Task instructions. Copy out precisely the lines from the start of the data through the line with "- 器に梅風味のから揚げ・う", and keep pictures out of it.

(Recorded data)
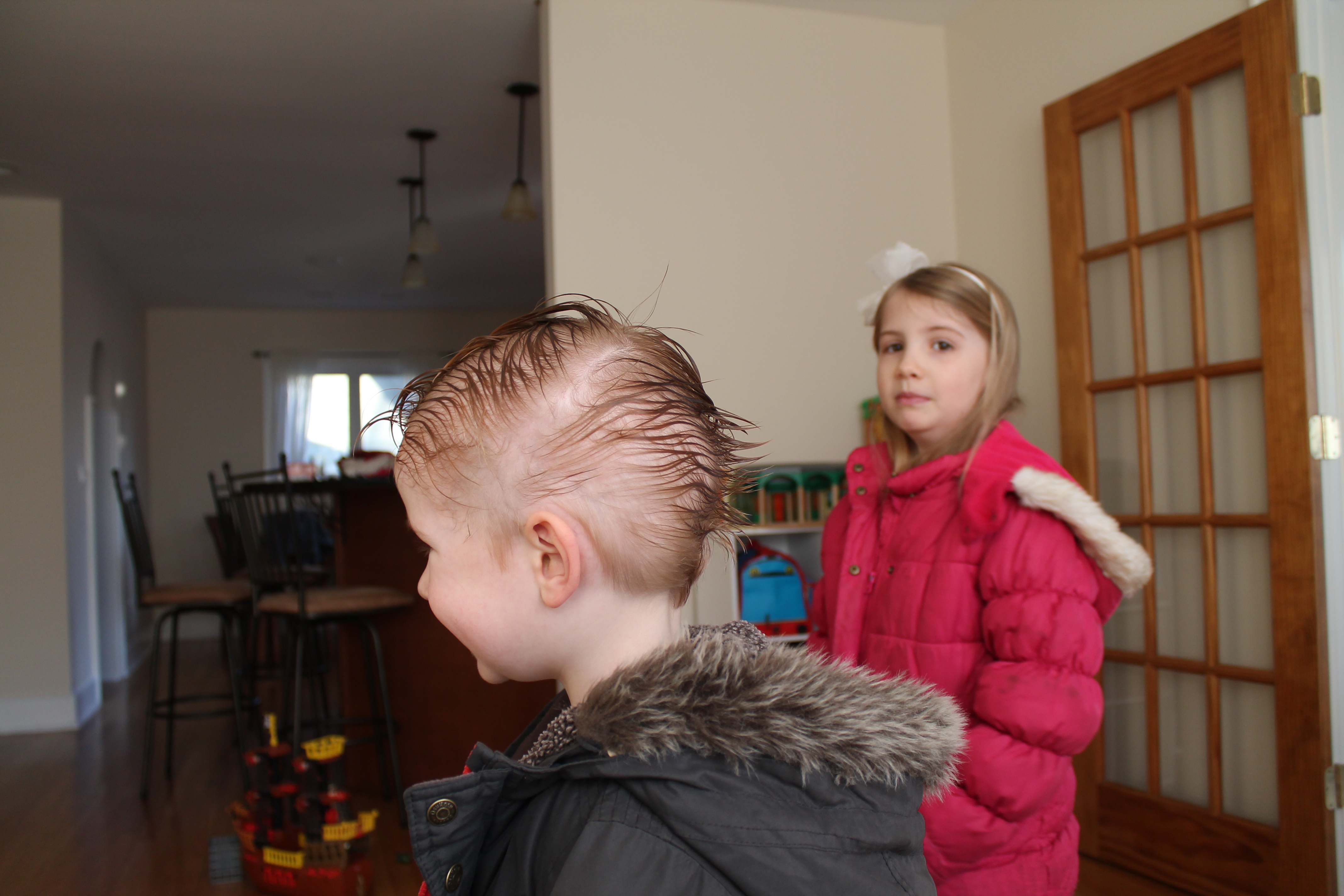 Wet, comb and gel – eek! This is Lachie’s new look…
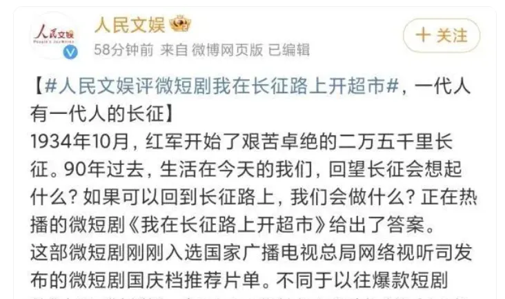 根據公開信息看,這部劇大概是官方命題作文,該劇由北京市廣播電視局指導,入選2024年“北京大視聽”重點網絡文藝項目,並獲廣電總局發佈的微短劇國慶檔片單重磅推薦,並有人民文娛、中國青年網等官媒新媒體矩陣進行宣傳(所謂藍V洗地)。這部劇大概率是某官方部門為了滿足當年宣傳任務,外包給社會企業的項目,並提前在系統內發函聯繫好了各種官媒宣傳預留宣傳板塊。
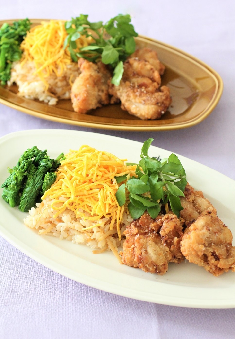 - 器に梅風味のから揚げ・うどのきんぴらのまぜ寿司・菜の花のわさびあえを盛り、まぜ寿司に錦糸卵をのせる。
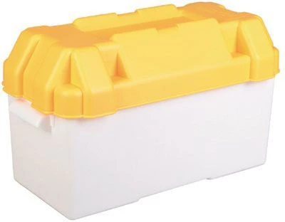 Deze kunststof accubak is gemaakt van stevig wit kunststof en beschikt over een veiligheidsriem om de deksel op zijn plaats te houden. De accubak kan gemakkelijk vastgezet worden door middel van de bijgeleverde montagebeugels, op bijvoorbeeld de vloer van uw boot.
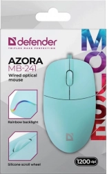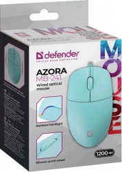Balenie s myšou Defender Azora v modrej farbe upozorňuje na efektivitu s DPI 1200 a znamenitým silikónovým scrollovacím kolieskom.
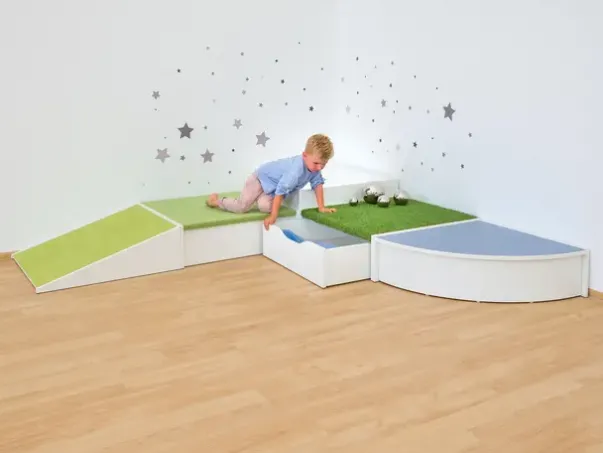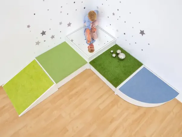 Med Anton podiesett oppmuntres alle sanser. Barnehagebarn er spesielt fascinert av plattformen med speil. De vil fort bli begeistret for å se sin egen refleksjon samt speiling av leker. Sokkelen med kunstgress har et ekte gressutseende og det oppleves som at du tar naturen inn i lekerommet. Rampen og kvartsirkelen er utstyrt med lettstelt linoleum som tørkes enkelt av og behandles med vanlige desinfeksjonsmidler.
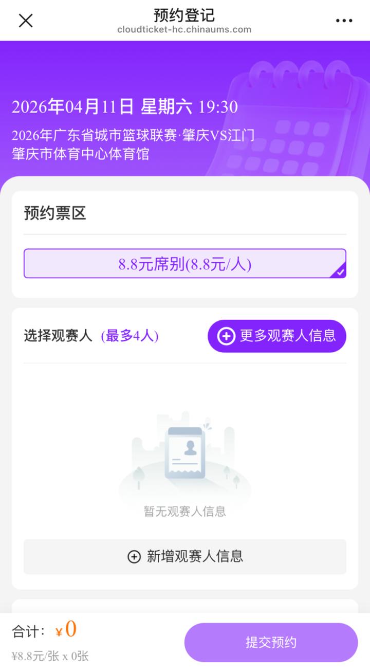 本轮赛事票价统一8.8元,球迷朋友可以关注“广东篮球-粤BA”公众号,点击主页“粤BA购票”专栏,进入票务预约系统,选择要观看的比赛场次,提交报名预约。
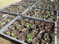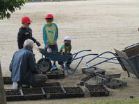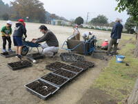 先週、にじいろ学級のお友だちと1年生が、春の花のパンジーやノースポールの苗植えに使うポットの土入れ作業を行いました。たくさんの苗を植えるため、たくさんのポットが必要になります。子どもたちは、とても楽しそうに、真剣に作業を行いました。来年の春には、色とりどりの花がたくさん咲いた、花壇やプランターが見られそうです。
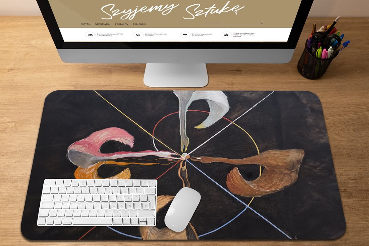 Podkładka pod mysz z nadrukiem na biurko. Rozmiar podkładki to 60 x 40 cm.
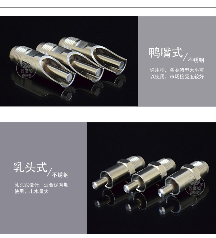 猪自动饮水嘴安装高度是多少:安装乳头式饮水器时,一般应使其与地面成45°-75°倾角,离地高度,仔猪为25cm,生长猪(3-6月龄)为50cm~,成年猪75cm

Worked solution.
 Wet, comb and gel – eek! This is Lachie’s new look…
 根據公開信息看,這部劇大概是官方命題作文,該劇由北京市廣播電視局指導,入選2024年“北京大視聽”重點網絡文藝項目,並獲廣電總局發佈的微短劇國慶檔片單重磅推薦,並有人民文娛、中國青年網等官媒新媒體矩陣進行宣傳(所謂藍V洗地)。這部劇大概率是某官方部門為了滿足當年宣傳任務,外包給社會企業的項目,並提前在系統內發函聯繫好了各種官媒宣傳預留宣傳板塊。
 - 器に梅風味のから揚げ・うどのきんぴらのまぜ寿司・菜の花のわさびあえを盛り、まぜ寿司に錦糸卵をのせる。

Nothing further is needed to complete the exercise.